Tweede Divisie
- Season: 2021–22
- Dates: 21 August 2021 – 4 June 2022
- Champions: Katwijk
- Relegated: GVVV ASWH
- Matches: 304
- Goals: 938 (3.09 per match)
- Top goalscorer: Floris van der Linden (26 goals)
- Biggest home win: Katwijk 6–0 TEC (14 May 2022) GVVV 6–0 ASWH (14 May 2022)
- Biggest away win: Jong Sparta 0–6 IJsselmeervogels (26 February 2022)
- Highest scoring: Jong Volendam 2–6 Jong Sparta (28 August 2021) Kozakken Boys 3–5 Jong Volendam (30 April 2022)
- Longest winning run: 9 matches Katwijk
- Longest unbeaten run: 10 matches Katwijk
- Longest winless run: 18 matches ASWH
- Longest losing run: 12 matches ASWH

= 2021–22 Tweede Divisie =

The 2021–22 Tweede Divisie, known as Jack's League for sponsorship reasons, season was the sixth edition of the Dutch third tier since ending its hiatus since the 1970-71 season and the 21st edition using the Tweede Divisie name.

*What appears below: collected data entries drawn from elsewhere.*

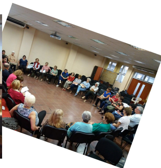
Fig. 5: Trabajo y alegría en grupo.
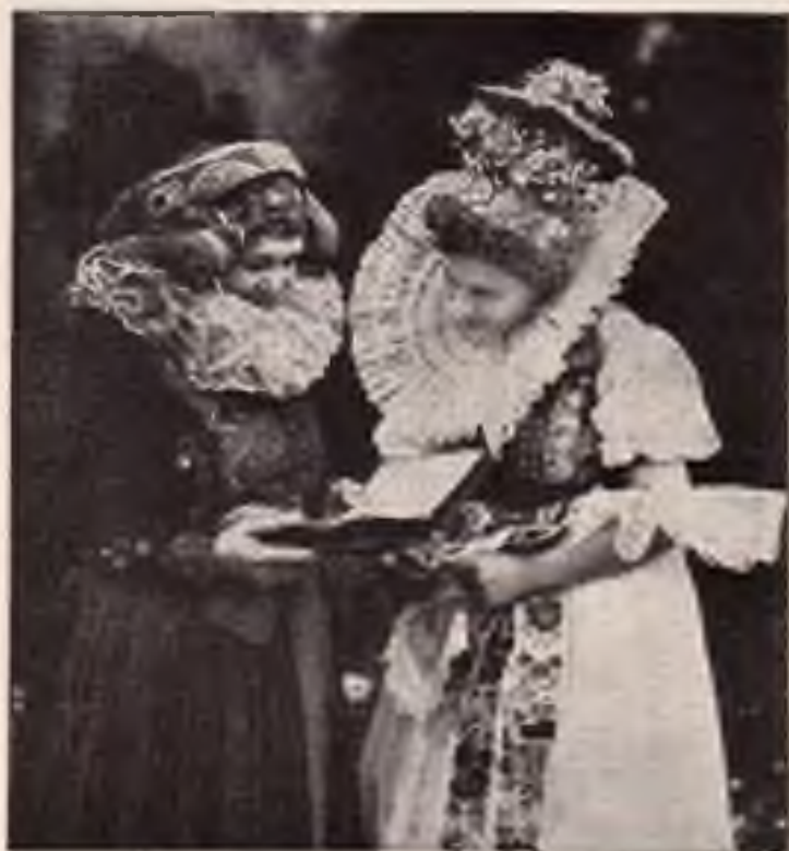
Hanačky cestou do hostela.

Na ten »Hanácké deň« sme si extra vehrnole rokáve. Přejede vic kroju, hlav-ně našech hanáckých. Zveke bódó zas
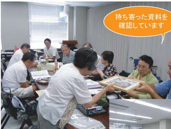
持ち寄った資料を確認しています

At an extraordinary KNVB federation meeting on 2 October 2017, representatives of the amateur and professional football reached an agreement about the route to be taken to renew the football pyramid. Part of this agreement was that no promotion or relegation took place between the Eerste and Tweede Divisie for the 2017–18 season at first.

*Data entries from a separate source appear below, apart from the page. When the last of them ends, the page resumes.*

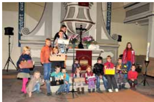
Nr. 16 (Dezember 2011 bis Februar 2012)

zur musikalischen Begleitung bei. Zum Kindergottesdienst luden die beiden Katechetinnen ein; mit einer großen Kinderschar wurde die Bedeutung der "Burg" im Leben Luthers thematisiert und schöpferisch umgesetzt. Der Abendmahlskreis mit Kindern vereinte dann die Region am Tisch des Herrn. Natürlich wurden die Ereignisse und Wirkungen des 31. Oktober 1517 in den Blickpunkt gerückt. Da durfte "Ein feste Burg ist unser Gott", Luthers liedhafte Neufassung des 46. Psalms, als Eingangsgesang nicht fehlen. Insbesondere die Predigt setzte sich dann mit der Frage auseinander: "Warum feiern wir (noch) heute den Reformationstag?" Vielfältige Antworten darauf gipfelten in der Aufforderung an unsere Kirche und an jeden Einzelnen, immer wieder neu über
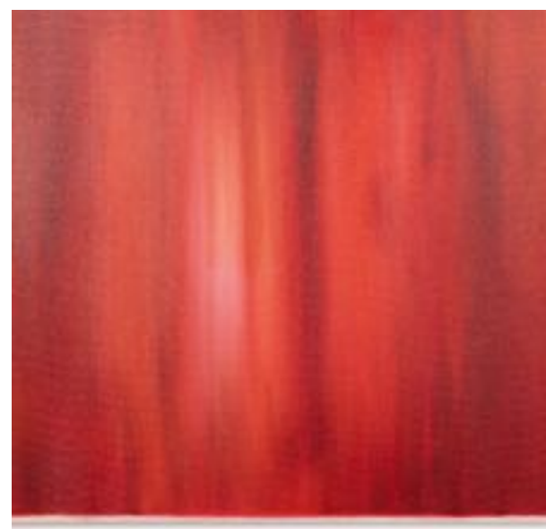
5/9/21 70x70x4 Acryl/Leinwand
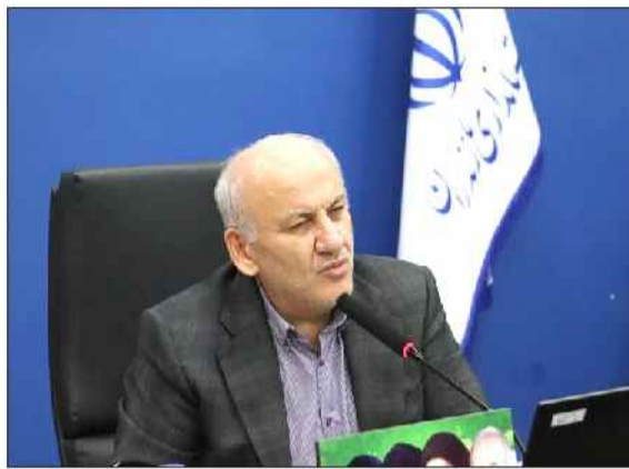
نهادهای ملی، سهمیه مازندران قطعی شده و هم‌اکنون فرایند اداری تحویل این خودروها در حال انجام است.

حال انجام است. وی با اشاره به اینکه اولویت تحویل بنا دهیاری‌هایی است که بیشترین نیاز را در حوزه حمل مصالح و جمع‌آوری زباله دارند، تصریح کرد: این خودروها از نوع کمپرسی بوده و به‌صورت کاملاً رایگان در اختیار روستاها قرار می‌گیرد تا گامی مؤثر در رفع محرومیت‌زدایی و عمران روستایی برداشته شود. استاندار مازندران در ادامه با تأکید بر لزوم نگهداری صحیح از این ناوگان جدید، از دیهاریان خواست تا با برنامه‌ریزی دقیق، از

At another extraordinary KNVB meeting on 7 June 2018, an agreement was reached on the number of reserves teams allowed in each division after the 2019–20 season and the extension of the non-promotion or relegation clause to initially two more seasons. For the Tweede Divisie it was two teams.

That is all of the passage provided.